Побеждает сильнейший. Он знал это, когда ввязался в этот безнадежный бой. Он получил то, что заслуживал. А ведь в схватку его бросило неистребимое человеческое начало со свойственной ему безумной самонадеянностью. Часть Гнильца, распоряжавшаяся его разумом, с самого начала твердила ему о тщетности этой попытки, пыталась увести его от опасности. Но он не слушал ее, предпочитая доверять столько раз подводившему его слабому и беспечному человеческому мозгу. Мысль об этом была невыносима.

Мир вокруг стал сереть, обрастая вибрирующими фиолетовыми пятнами. Маан понимал, что это значит – тело сдает свои последние рубежи обороны. Есть предел, за которым сопротивление невозможно, и сейчас он пересек эту черту. За ней – смерть. Ровная серая гладь полного небытия. Окончание всего. Тело сдавалось, да и не существовало уже этого тела как единого механизма, оставалась лишь совокупность истекающих кровью органов, держащихся вместе.

Дальнейшая борьба была не только бесполезна, но и невозможна. Маан ощущал себя комом агонизирующей плоти в чужой хватке, и даже сопротивлением это назвать было нельзя – сопротивлялась лишь его твердая оболочка, уже готовая развалиться как орех в щипцах. Безошибочный инстинкт говорил ему, что это конец. Хватит мучить тело – оно служило, пока могло, и делало это безукоризненно. И нет в этом его вины. Просто в этой схватке он был слабее. Закон природы, против которого нельзя бунтовать. Но что-то заставляло Маана рвать свое тело в клочья, продолжая эту бесполезную пытку. И он понимал, что именно. Опять проклятая человеческая самонадеянность, деятельное безумие, которое на протяжении тысячелетий швыряло человека в самые безрассудные, опасные и безнадежные авантюры.
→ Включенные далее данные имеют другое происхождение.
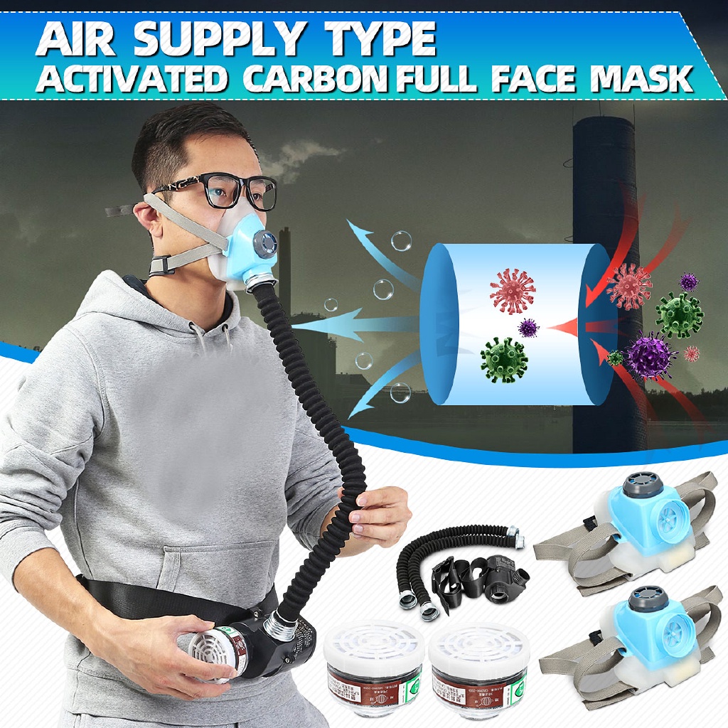 DC12.6v Respirator-System-Device Gas Electric Constant Flow Air Supplied Fed Respirator Half Face Gas Mask Pump 2Pipe Respirator
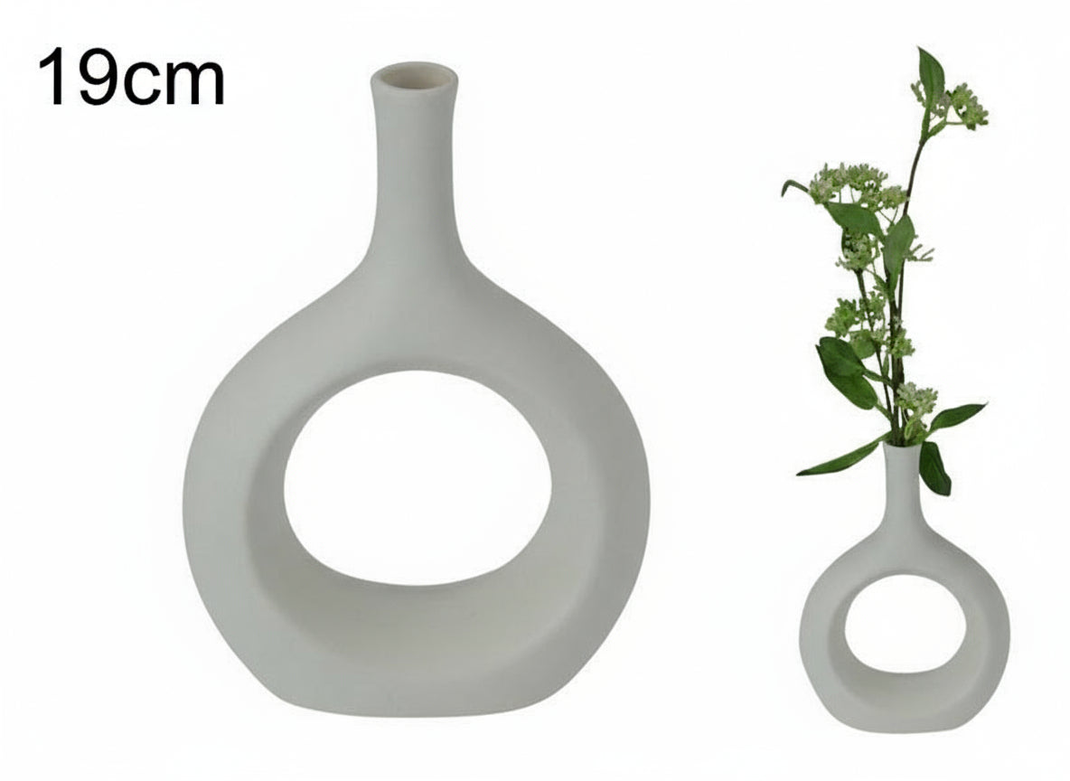 Enhance your interior with this elegant set of 23cm and 19cm white ceramic vases, designed to bring a clean, modern touch to any room. With their smooth matte finish and minimalist silhouette, these vases complement a wide range of décor styles including Nordic, contemporary, and minimalist spaces.
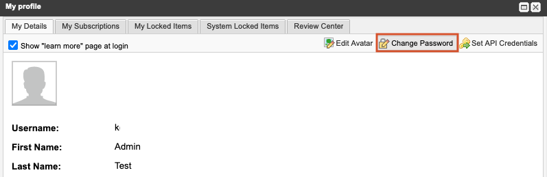 Users configured with Basic Authentication can change their password from the My Profile window or from the login screen.
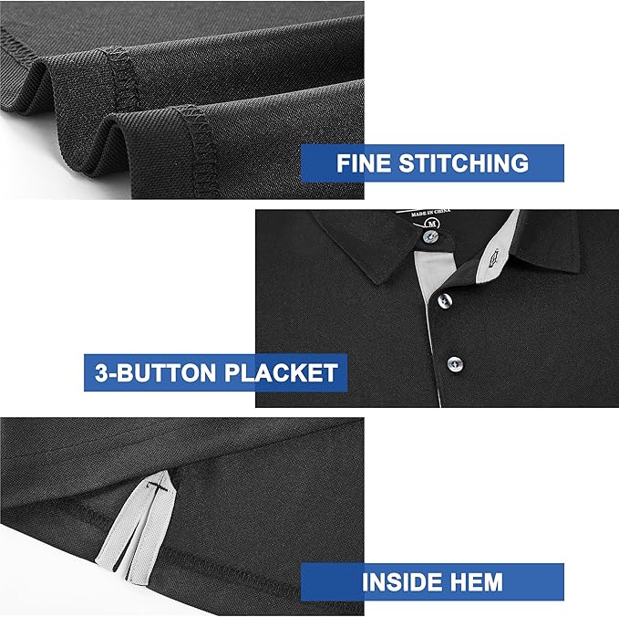 - STYLISH FEATURE: Our golf shirts for men, plain pique with colour-blocking contrast inside collar and placket, making you look stylish and fancy, well-made stitching, natural stretch to wear in comfortable all day long.

Извечное человеческое проклятье. Теперь оно не дает ему даже умереть без лишних мучений. Маан проклял его, наблюдая за тем, как мир отдаляется от него. Это было даже красиво. Серость окружающих предметов обретала необычную глубину, окрашиваясь в какой-то новый, прежде не существовавший, оттенок серого. Наверно, так ощущает себя человек, делающий последний глоток кислорода – и все равно продолжающий барахтаться, даже зная, что через секунду над ним сомкнется свинцовая поверхность воды.
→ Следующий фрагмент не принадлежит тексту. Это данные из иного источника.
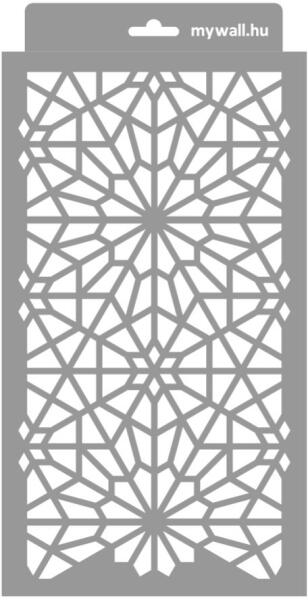 Minden irányban folytatható minta. A nagy léptékű falon, a kisebbek bútoron érvényesülnek. Tartós, többször felhasználható áttetsző, rugalmas műanyag stencil. Ívelt felületekhez is használható. Felhasználói tippek: 1. Helyezd a festeni kívánt felületre a stencilt, rögzítsd maszkolószalag segítségével. 2. Kerek stencil-ecsettel vagy szivacsecsettel körkörös mozdul
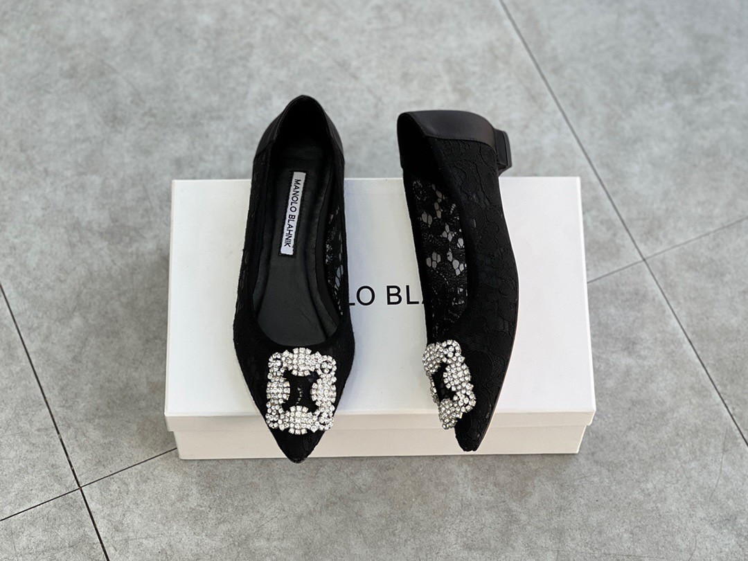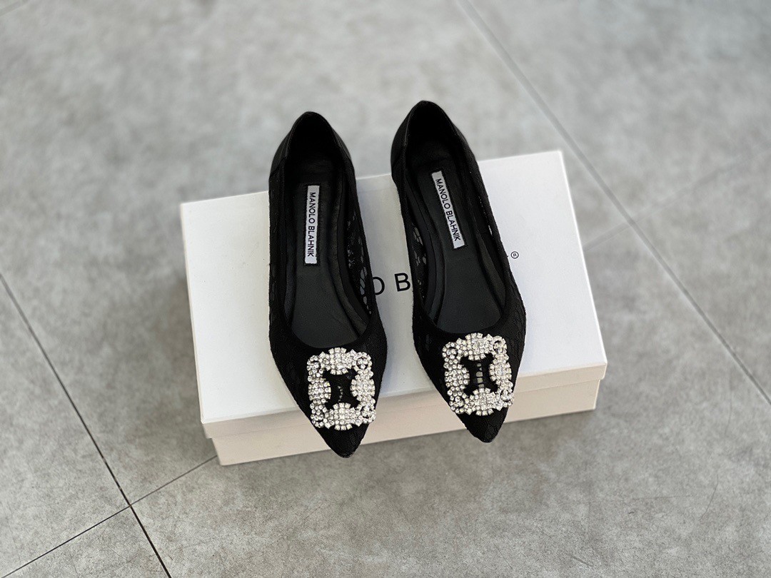 A design that redefines comfort and stunning style together, these Manolo Blahnik Hangisi ballet flats are truly attractive. These have been crafted in lace and feature a gorgeous silver-tone crystal-studded buckle detailing the pointed toes.

Мир начал мягко пульсировать и Маан смотрел на это почти с умиротворением. Даже тупые резцы боли, разрывающие его на части, сейчас отступили.

Но какая-то мысль продолжала терзать его умирающий мозг, посылая в него яркие сполохи. «Успокойся, – сказал ему Маан, засыпая, – Успокойся, слышишь, ты…». Но он не успокаивался, он что-то требовал, о чем-то кричал. Бесполезный смешной человеческий мозг, такой нелепый в своей отчаянной жажде жизни. В мире, которого Маан уже почти не видел, он оставил какую-то мысль, какую-то важную мысль, которую ни в коем случае нельзя было бросать. Что-то важное. Что-то про тонущего человека…

Кислород.

В этой мысли не было смысла – просто бессмысленный сигнал гибнущего мозга. Но Маан вдруг встрепенулся, заставив гаснущий мир не пропадать. Что-то важное было сокрыто в этом странном слове. Что-то имеющее отношение к нему и происходящему вокруг.
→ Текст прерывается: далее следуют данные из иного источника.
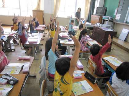 一つ目は,「黙って挙手する」ということです。質問に対して,「はい,はい」と声を出すことは,思考中の子どもの妨げになるからです。

Кислород. Баллоны. Стеллаж.

Маан заставил свои руки напрячься в последнем усилии. И они неожиданно подчинились, хотя тело, из которого они росли, было смято и раздавлено. Как честные слуги, они выполняли приказы до конца. Даже те глупые бесполезные приказы, которые отдавал человеческий мозг. Маан оторвал тело от земли и вместе с собой – приникшего к нему Гнильца. Он повернул голову, для чего потребовалось невероятное напряжение, и в обступавшем его густом сером тумане вдруг неожиданно четко и ясно увидел то, о чем думал. Обломки массивного стального стеллажа, срезанные ударом гибкого хлыста. Пустые кислородные баллоны выкатились из него, оставив лишь жалкие остатки конструкции – вертикальные и горизонтальные остро обрубленные штыри. Это выглядело как орудие пытки, созданное какой-то далекой и негуманоидной цивилизацией.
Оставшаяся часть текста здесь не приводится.